After the rush of stardom, Rooney was battered by a stalled career, drug and gambling addictions, bad marriages, a failed production company and the deep financial problems they caused. He lost his hair and grew paunchy as he aged but he persevered.
"I'm a ham who wants to be a small part of anything," he said.
He took small parts, worked in lesser movies and tried a couple of television shows. He picked up two more Oscar nominations for 1956's The Bold and the Brave and The Black Stallion in 1979.
In 1979 he also broke through on Broadway, harkening back to his vaudeville beginnings with Sugar Babies, a burlesque-style revue with MGM tap dancer Ann Miller in which he sang, danced and dressed in drag. He said the role saved him from being "a famous has-been".

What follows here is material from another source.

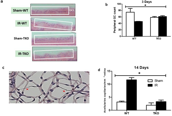 (a,b) Representative images and statistical analysis showing IR caused significant reduction in total number of cells in ganglion cell layer (GCL) in the peripheral retinas of the WT, but not of TKO mice when compared to shams after 3-days. (c,d) Representative image and statistical analysis showing IR significantly increased development of occluded (acellular) capillaries in WT, but not TKO mice when compared to shams after 14-days. (n = 8–10, * p < two way ANOVA showed disease and gene interaction, * p < 0.05).
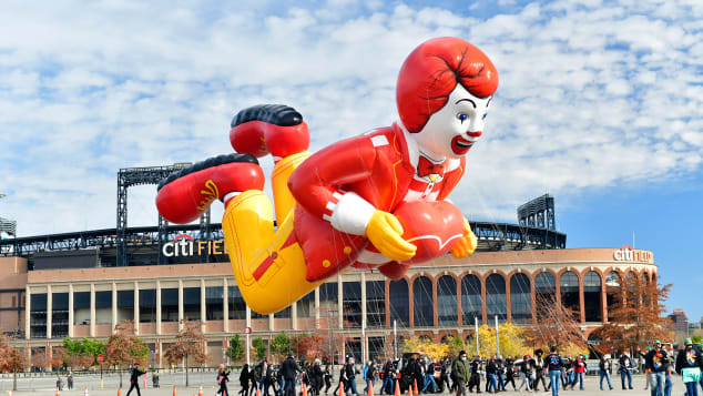É um novo design para o personagem que já faz parte do desfile desde 1987 – porque nada é mais familiar ao Dia de Ação de Graças do que um palhaço de fast food com 3,5 metros de altura.

"The American public is my family," Rooney said. "I've had fun with them all my life."
Rooney won an Emmy and a Golden Globe in 1982 for the TV movie Bill, playing a mentally handicapped man trying to live on his own. He was given an lifetime achievement Oscar in 1983.
In 1978 he found a lasting marriage with country singer Jan Chamberlin. In his late 80s they toured the country with a song-and-dance act.
Rooney, who had five sons and five daughters, told a US Senate committee on ageing that he had been emotionally and financially abused by family members.
He later said Christopher Aber, Chamberlin's son, had deprived him of food and medicine, prevented him from leaving the house and meddled in his financial affairs.